Alistair Begg investigates the answer today on Truth for Life. He's focusing our study in James chapter 5 verse 15. And the prayer offered in faith will make the sick person well, the Lord will raise him up. If he has sinned, he will be forgiven. Now, obviously, the key phrase here is this prayer offered in faith, or in some translations simply the prayer of faith.

And what makes this fifteenth verse so difficult is that James clearly does not anticipate failure. It is a categorical statement, and he makes no qualification to it whatsoever. And despite the fact that the time interval between the prayer and the results of the prayer is not mentioned, nevertheless, it still appears to be a categorical statement. It doesn't say that it happens instantaneously, it doesn't say that it happens after a week or two weeks or three months or five months—it simply states that it will happen. And the prayer offered in faith will make the sick person well.

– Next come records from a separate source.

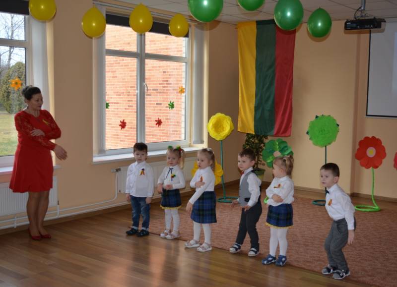 Vasario 14-osios ryte, lopšelio-darželio salėje vyko gražus ir prasmingas renginys, skirtas paminėti Vasario 16-ąją, Lietuvos valstybės atkūrimo dieną. 102-ąjį Lietuvos gimtadienį kvietė švęsti kartu vyresnioji meninio ugdymo mokytoja Vida ir vyresnioji priešmokyklinio ugdymo pedagogė Gintarė. Šventiškai nusiteikę, mažieji lopšelio – darželio ,,Puriena“ ugdytiniai, darbuotojai, pedagogai rinkosi į tautiniais motyvais papuoštą salę. Šventinis rytmetys prasidėjo „Tautiška giesme“, kurią rimtai nusiteikę giedojo ir vaikai, ir kiti šventės dalyviai. Patys gražiausi ugdytinių posmai, dainos, šokiai buvo skirti Lietuvai. Visi drauge pasidžiaugėme, kad gyvename Lietuvoje. „Aš myliu Lietuvą“, „Čia turiu savo namus“, „Mano šeima yra lietuviai“ – kalbėjosi ugdytiniai. O koks Lietuvos nepriklausomybės atkūrimo gimtadienis be sveikinimų ir fejerverkų! Dalyviams netrūko nei geros nuotaikos, nei įspūdžių! Mes labai mylime Lietuvą!
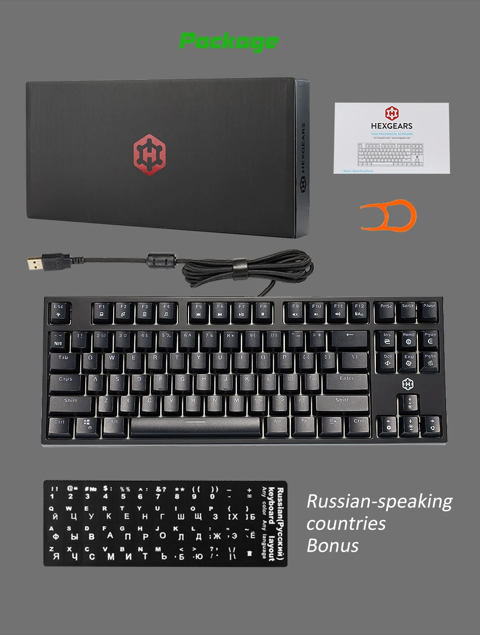 ●If you are not satisfied with our products or service, please feel free to contact us, we will try our best to solve your problem!●Please do not leave a negative feedback without any communication. Thanks for your understanding in advance!●If you have any problems, please feel free to contact us.FAQ Q: What is the HEXGEARS? A: Hexgears is a global Consumer Electronics company specialized in PC and mobile peripherals. We develop and market personal peripherals for the PC Gaming, PC Navigation and Music.Q: Why do you choose HEXGEARS?A: Because of the hardest Kailh Switch among cherry switch and MX switch. And this is the first choice for professional E-sport Gamer.Q: All the products are original?A: Yes, all of our products are 100% original as we have the authorization of the brand, please do not be worry about that.Q: All the products have retail box?A: Yes, all of our products are with retail box.Q: How long will it take?(AliExpress Standard Shipping)A: The good should arrive within 16-30 days via AliExpress Standard Shipping.Brand Story
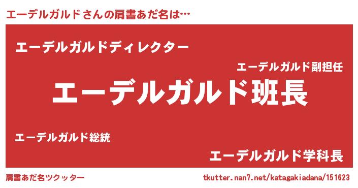 | ヒーロー風カッコイイあだ名 | 『黄金騎士エー』『ネオエーデルガルド』 |
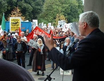 The march took a longer route than usual arriving at the Department of Foreign Affairs on Stephens Green where a short rally was staged with speakers including Joe Higgins of the Socialist Party, Daith' Doolan of Sinn Féin and one from some concerned American citizens group. (Other speakers included Michael D. Higgins (Labour Party), Trevor Sargeant (Green Party), and a Palestinian).
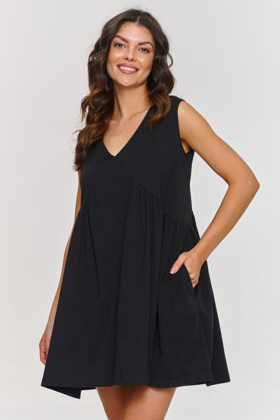 Ta dresowa sukienka trapezowa to doskonały wybór dla kobiet ceniących wygodę i styl. Została zaprojektowana w luźnym fasonie, który zapewnia pełną swobodę ruchów. Trapezowy krój pozwala zatuszować szerokie biodra czy pełniejsze uda, nadając sylwetce bardziej zrównoważony wygląd. Sukienka ma dekolt w serek, co podkreśla jej subtelność i kobiecość. Długość mini to świetny sposób na eksponowanie nóg jednocześnie podkreślając lekkość i zmysłowość. Model wykonany z bawełnianego i przyjemnego w dotyku materiału, który jest przewiewny i oddychający co sprawia, że jest to doskonały wybór na cieplejsze dni. Dresowa sukienka wyróżnia się wielofunkcyjnością i ponadczasowym stylem. Idealna podczas spacerów z lekkimi sandałkami na płaskiej podeszwie, na spotkania z przyjaciółmi z wygodnymi balerinami, czy na wieczorne wyjścia w połączeniu z eleganckimi szpilkami i delikatną biżuterią.
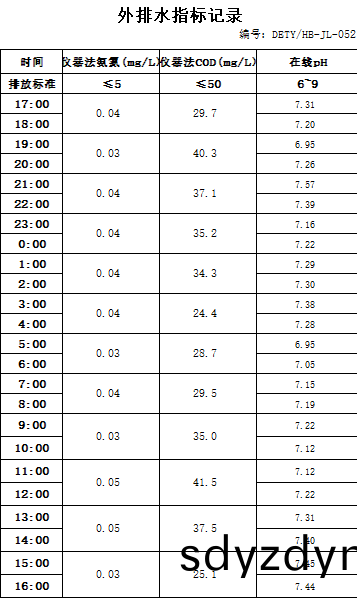 山東道恩鈦業(ye)股份(fen)有限公(gong)司2019年(nian)10月7日外排水(shui)指(zhi)標數據:
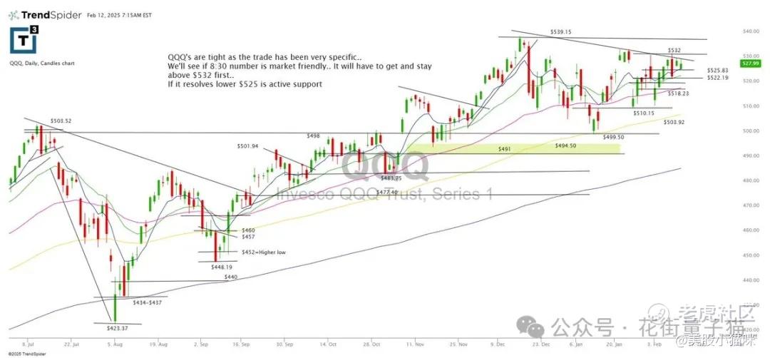 QQQ走势紧凑,交易方向非常明确。我们将观察8:30的数据是否利好市场。它需要突破并保持在$532之上。如果走低,$525为重要支撑位。
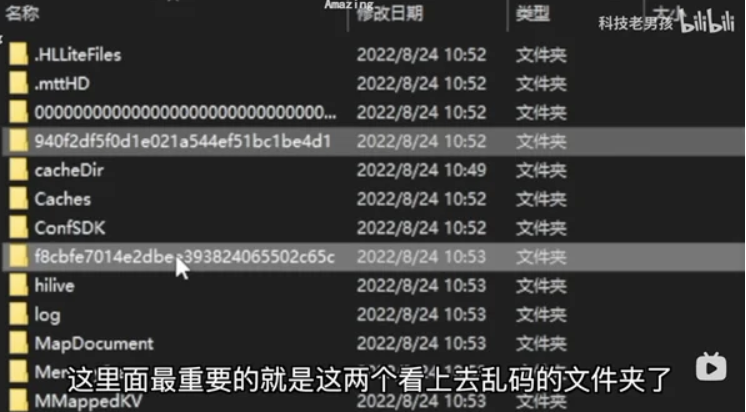 UP主发现,很多视频、音频文件,微信居然存了好几份,而且是在不同的文件夹下,这些文件夹的名称也都是“乱码”(即好友微信号的MD5值)。

Now, obviously, this demands immediate care and consideration. There's no justification for believing that James assumed that the gift of healing was possessed by the elders in each local church. Furthermore, it's not probable to assume that James envisages that everyone who is anointed and prayed for in this way will be automatically healed. Now, the reason we say that is because when we read the rest of the Bible, when we read the rest of the New Testament, it is clear in the Scriptures that God doesn't always will the healing of the believer. We can go to a variety of passages, but probably the locus classicus is surely Paul himself in 2 Corinthians 12, when he asked the Lord three times for this thorn in the flesh to be removed from him, and the answer of God is clearly, it is not in my will, Paul, to heal you of this condition.

In fact, he tells him quite straightforwardly that his strength will be made perfect in Paul's weakness, because, as God to his servant, my grace is sufficient for you. So while clearly understanding that it is not always God's intention to heal, we also have to say with affirmation that God can and God does heal, that he chooses to do so in answer to prayer, and we might say so in relationship to this procedure that he has laid down primarily. So if we are then agreed—and I'm going to assume that you're with me on this—that what we have here is not a blanket guarantee for healing in any and every instance, then what are we to understand of this statement?

If it is not that in every instance that this is done, healing comes, how do we make sense of the verse? And there are a number of ways we can approach it. Number one, that the reference to being sick here does not refer to physical illness but to the buffettings and trials with which James began his letter. Count it all joy when you face trials of various kinds. And some commentators say that is obviously what James is referring to.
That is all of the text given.